On a typical day the amount that an average visitor "pays" $0.002 to view a bit of content by a certain percentage clicking on an ad. Through advertising, that bit of content has a value of $0.002.

True, but what has it to do with ad blocking? The typical AdBlock user never clicks on ads, that's a zero percentage, yielding an average $0.000 a day for viewing said bit of content. Unfair, you might say, but then, what do you want to do about it? Technically prevent "never clickers" from accessing your content? Impossible. Introduce a law that requires at least one click'n'purchase a month? Ridiculous (well, not necessarily, I can envision an RIAA-supported bill that requires every US citizen to buy at least one music CD a month).

Those users who do find your ads interesting, though, will not use AdBlock, or at least not configure it to block those ads that they DO find interesting.

Yes, I admit that's a shameless simplification regarding current ad blockers, which lack sensitivity. This problem could only be solved through cooperation between ad blocker developers and advertisers.

Of course, it seems like ever-more fierce confrontation is likelier than cooperation, and that's, unfortunately, human nature. Just consider the ongoing RIAA/MPAA madness. So my prediction is that, as ad blockers are used more often, advertisers will first increasingly try technical measures to circumvent them, i.e. deliberately reducing sensitivity, which will result in ad blocker developers finding ways to stop circumvention, and users blocking more ads than they actually would like to, meaning losses for advertisers, and thus reduced advertising revenues for content providers.

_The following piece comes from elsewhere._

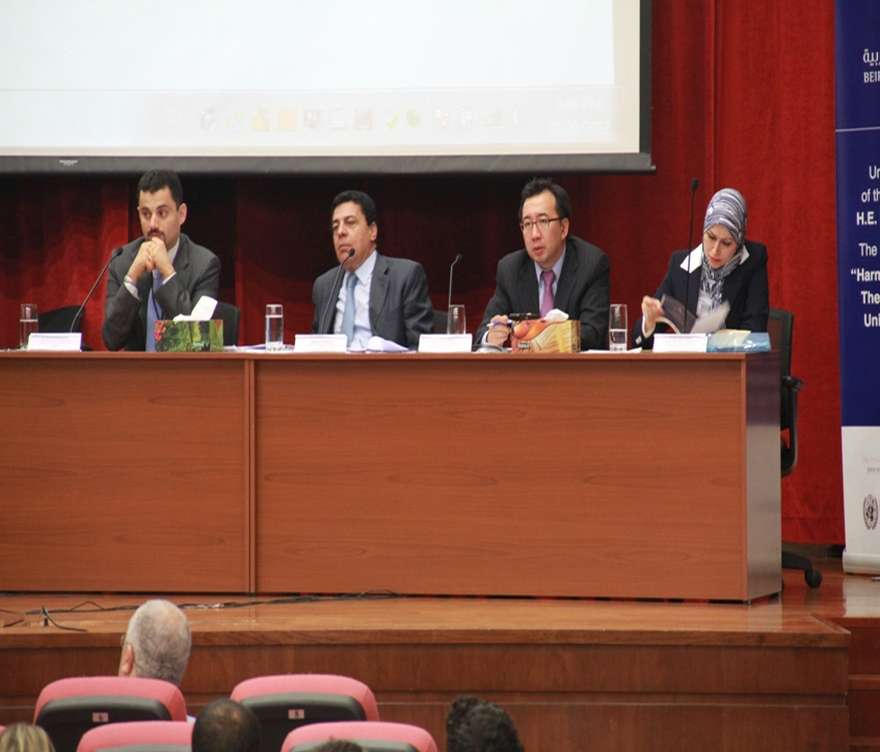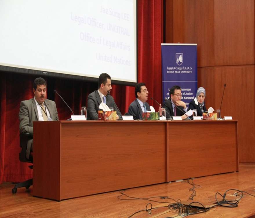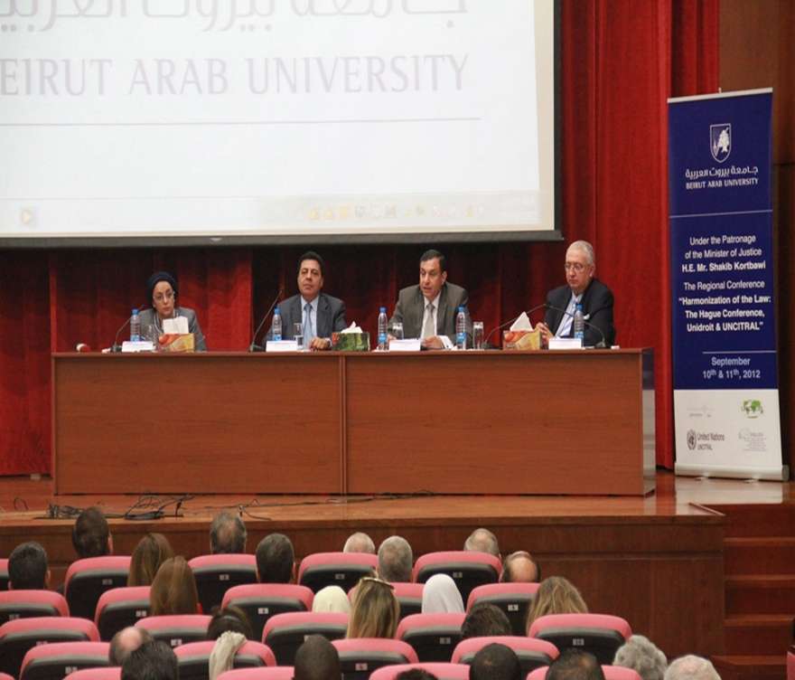 10 September 2012Beirut Arab University hosted the Regional Conference entitled “Harmonization of the Law: The Hague Conference, Unidroit and UNCITRAL” in its Campus in Beirut on the 10th of September 2012 under the patronage of Minister of Justice Mr. Shakeeb Kortbawi represented by Judge Prof. Sami Mansour, President of the Institute of Judicial Studies in Lebanon. The conference was attended also by Prof. Amr Galal El Adawi, President of Beirut Arab University, Mr. Issam Houri, Secretary General, Prof. Hanafy Holail, Vice President for Academic Affairs, Prof. Khaled Baghdady, Vice President for Tripoli Branch Affairs, , Prof. Mohammad Mattar, Executive Director of the Protection Project at Johns Hopkins University, faculty deans and faculty members as well as interested audience, in addition to participants from The United States of America, Europe and Arab Countries.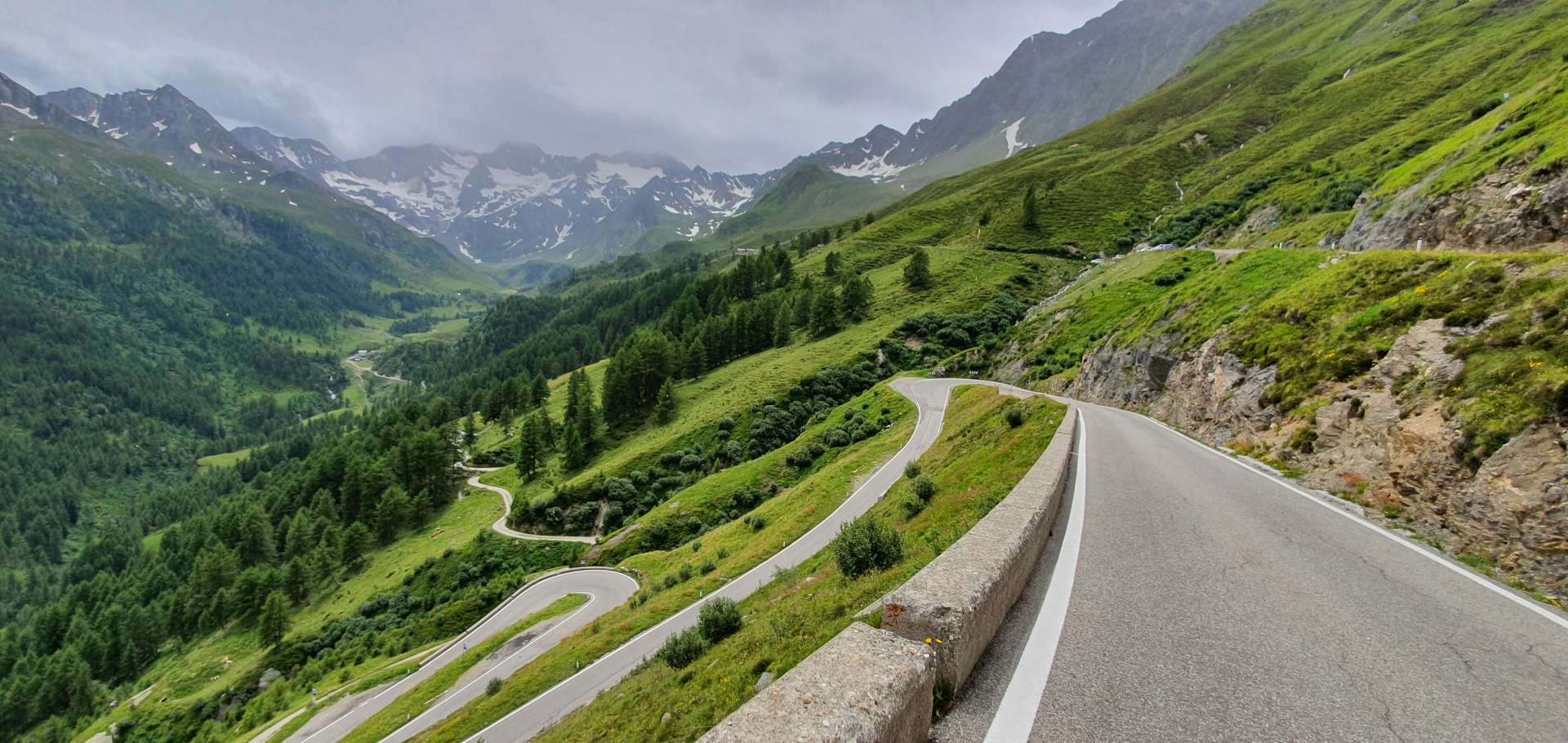 After a brief stop at the summit for a few photos & to don our rain jackets, we headed down the Italian side, where the Timmelsjoch becomes the Passo del Rombo.

Should the advertisers start to see themselves in a losing battle, they'll increasingly use legal weaponry (and lobby legislators for more such weapons) such as copyright to target ad blocker developers and eventually also users (just like the RIAA). This will still be a losing battle, but it'll extort a heavy toll on both sides (just like the RIAA/MPAA war on P2P), with no end in sight.

All this insanity will cost a lot of money, further diminuishing ad revenues for content providers, and many will find advertisements no longer viable. By the way, the IFPI (International Federation of the Phonographic Industry) has recently tried to reduce the copyright holders' share in German CD prices, stating that they need these 2 or 3% of the total price to "combat Internet piracy". So, like every war, this will be a vicious circle, the longer it wages, the higher the stakes.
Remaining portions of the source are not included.